Park in New Taipei, Taiwan

New Taipei Metropolitan Park (新北大都會公園) is a park located along the Erchong Floodway in New Taipei, Taiwan. Spanning 424 hectares, the park is approximately 3 times the size of Hyde Park, London and 1.25 times larger than Central Park, and is the largest urban park in northern Taiwan. Designed to offer both recreation and flood prevention, it integrates nature and urban living. The park features extensive green spaces, scenic wetlands, and family-friendly areas such as the Parent-Child Playground, which includes 31 slides themed around Taiwan's indigenous species. Breeze Canal offers opportunities for water sports like canoeing and dragon boat racing, while the Metropolitan Sports Area provides facilities for various outdoor games. The park is accessible by Taipei Metro Sanchong metro station, making it a popular urban retreat for locals and visitors alike.

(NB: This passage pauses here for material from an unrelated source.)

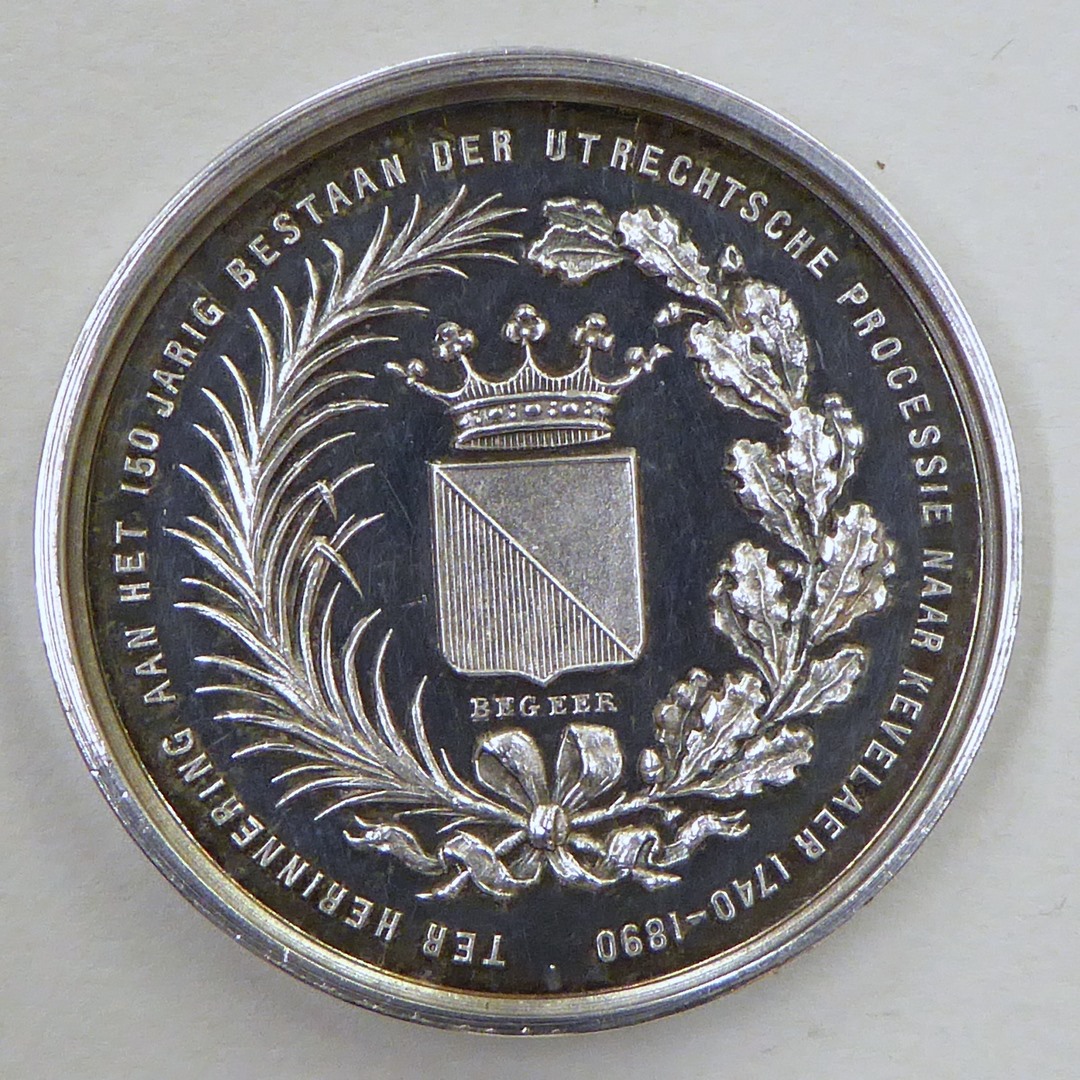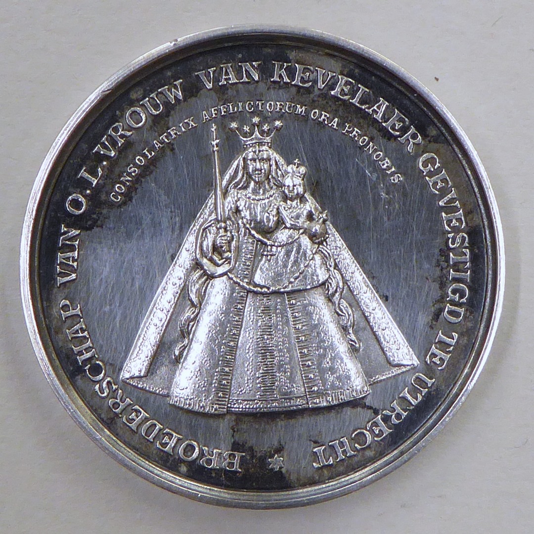 Bedevaartspenning met Maria van Kevelaer, kz. met ".. 150 jarig bestaan der Utrechtsche processie .."

Construction of the park continues, with ongoing efforts to enhance both its ecological and recreational features. Future developments aim to increase the park's accessibility and offer more facilities to engage with nature, like expanded wetlands and walking trails.

From January to April in 2025, New Taipei Metropolitan Park attracted 18,016,000 visitors, making it the most visited tourist destination in Taiwan of the year.